A very simple problem (which most Harvard students get wrong).

Bat and Ball problem

A bat and a ball cost £1.10 between them.

The bat costs £1 more than the ball.

How much does the ball cost?

Scroll down for the solution.

SOLUTION

Most people answer 10p.

The correct answer is 5p.

If the ball cost 10p and the bat cost £1 more, the bat would cost £1.10, making the total cost £1.10 + £0.10 = £1.20.

This puzzle appears in a book by the behavioural economist Daniel Kahneman’s called “Thinking, Fast and Slow”. (The only difference is that the problem Kahenman describes is in US dollars instead of UK pounds.)

According to Kahneman, more that 50% of students at the top US universities (Harvard, MIT and Princeton) get this problem wrong.
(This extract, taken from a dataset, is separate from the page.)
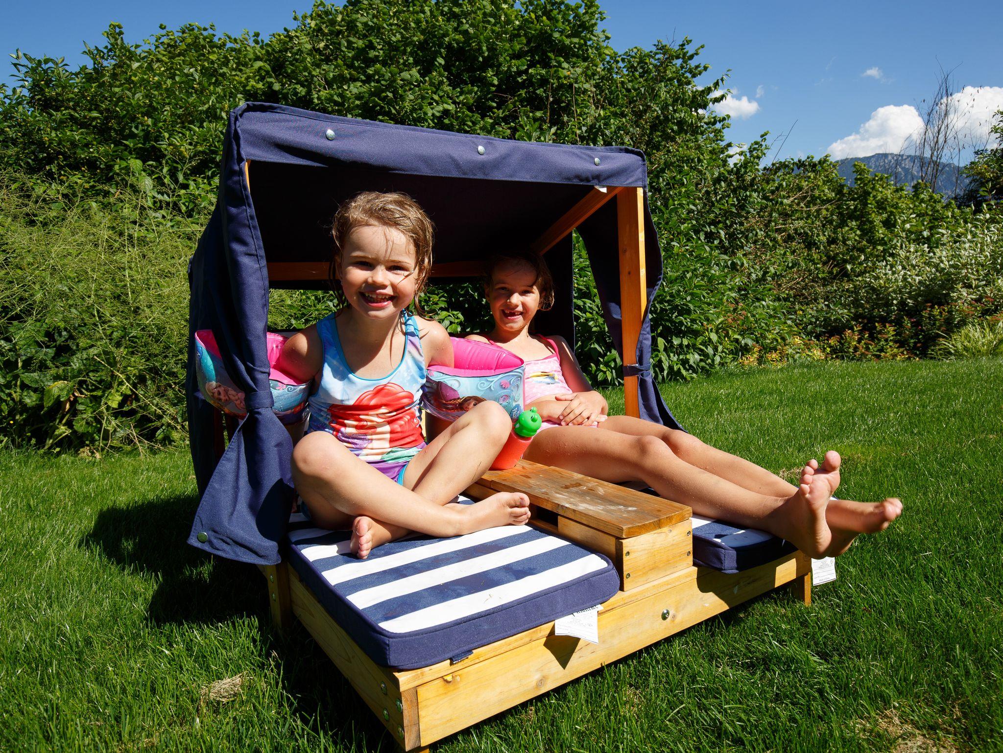 Familien Ferienwohnung mit 90 qm für bis zu 6 Personen im Zuhaus (Hanghaus) 2.OG am Schwimmteich gelegen. Großer Südbalkon. 2 Schlafzimmer mit Doppelbett, sowie ein Kinderschlafkoje mit Etagenbett (90x200 cm), 2 Bäder mit Dusche/WC, 1 extra WC. Große, vollausgestattete Küche mit Geschirrspüler, Backofen, Kühlschrank mit Gefrierfach und den nötigen Kleingeräten. Die Essecke in der Küche ist für 6 Personen geeignet. Extra Wohnzimmer. Nur in einem Schlafzimmer kann auch ein Babyreisebett aufgestellt werden.

At less prestigious universities the number of students who gave the wrong answer was more than 80%.

Kahneman writes:

“A number came to your mind. The number, of course, is 10: 10¢. The distinctive mark of this easy puzzle is that it evokes an answer that is intuitive, appealing, and wrong. Do the math, and you will see. If the ball costs 10¢, then the total cost will be $1.20 (10¢ for the ball and $1.10 for the bat), not $1.10. The correct answer is 5¢. It is safe to assume that the intuitive answer also came to the mind of those who ended up with the correct number—they somehow managed to resist the intuition.”

“The bat-and-ball problem is our first encounter with an observation that will be a recurrent theme of this book: many people are overconfident, prone to place too much faith in their intuitions. They apparently find cognitive effort at least mildly unpleasant and avoid it as much as possible.”